Records provided ▸
■ ■ ■
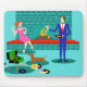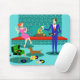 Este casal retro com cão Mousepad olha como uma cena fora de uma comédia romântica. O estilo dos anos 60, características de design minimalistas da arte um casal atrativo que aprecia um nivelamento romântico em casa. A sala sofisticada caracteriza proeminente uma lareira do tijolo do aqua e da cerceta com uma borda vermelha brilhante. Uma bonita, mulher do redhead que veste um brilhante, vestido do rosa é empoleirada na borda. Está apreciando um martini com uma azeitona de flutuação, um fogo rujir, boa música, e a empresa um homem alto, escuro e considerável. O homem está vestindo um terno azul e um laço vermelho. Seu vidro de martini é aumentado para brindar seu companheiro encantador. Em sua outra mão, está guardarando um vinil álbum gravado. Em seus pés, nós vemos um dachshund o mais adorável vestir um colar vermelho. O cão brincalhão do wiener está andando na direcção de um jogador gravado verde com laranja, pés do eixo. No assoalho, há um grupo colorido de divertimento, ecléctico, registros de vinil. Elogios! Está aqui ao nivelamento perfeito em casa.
■ ■ ■
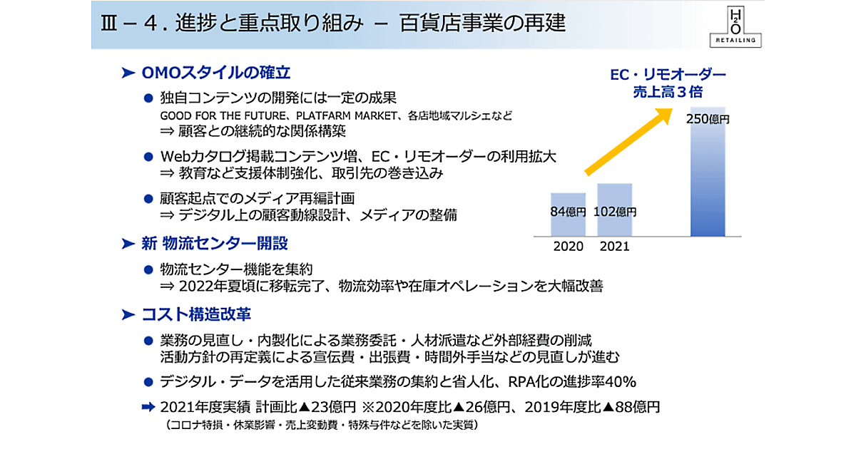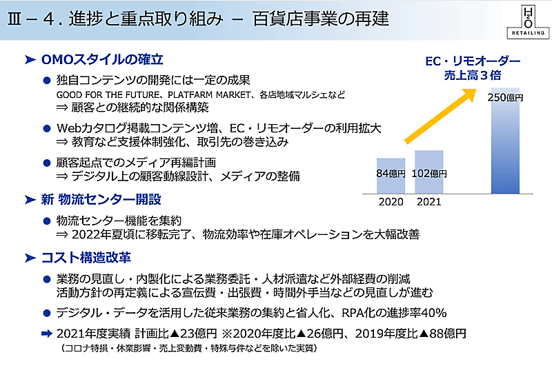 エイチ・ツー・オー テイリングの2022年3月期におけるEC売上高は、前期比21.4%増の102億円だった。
■ ■ ■
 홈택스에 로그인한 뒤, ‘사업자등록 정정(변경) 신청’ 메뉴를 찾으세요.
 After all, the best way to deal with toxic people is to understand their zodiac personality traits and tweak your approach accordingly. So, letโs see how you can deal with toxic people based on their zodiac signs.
■ ■ ■
Problem requirements ▸ From the records above, print exactly the lines that run from the line with "홈택스에 로그인한 뒤, ‘사업자등록 정정(변경) 신청’ 메뉴를 찾으세요." to the line with "After all, the", inclusive.

Reply to the task ▸
 홈택스에 로그인한 뒤, ‘사업자등록 정정(변경) 신청’ 메뉴를 찾으세요.
 After all, the best way to deal with toxic people is to understand their zodiac personality traits and tweak your approach accordingly. So, letโs see how you can deal with toxic people based on their zodiac signs.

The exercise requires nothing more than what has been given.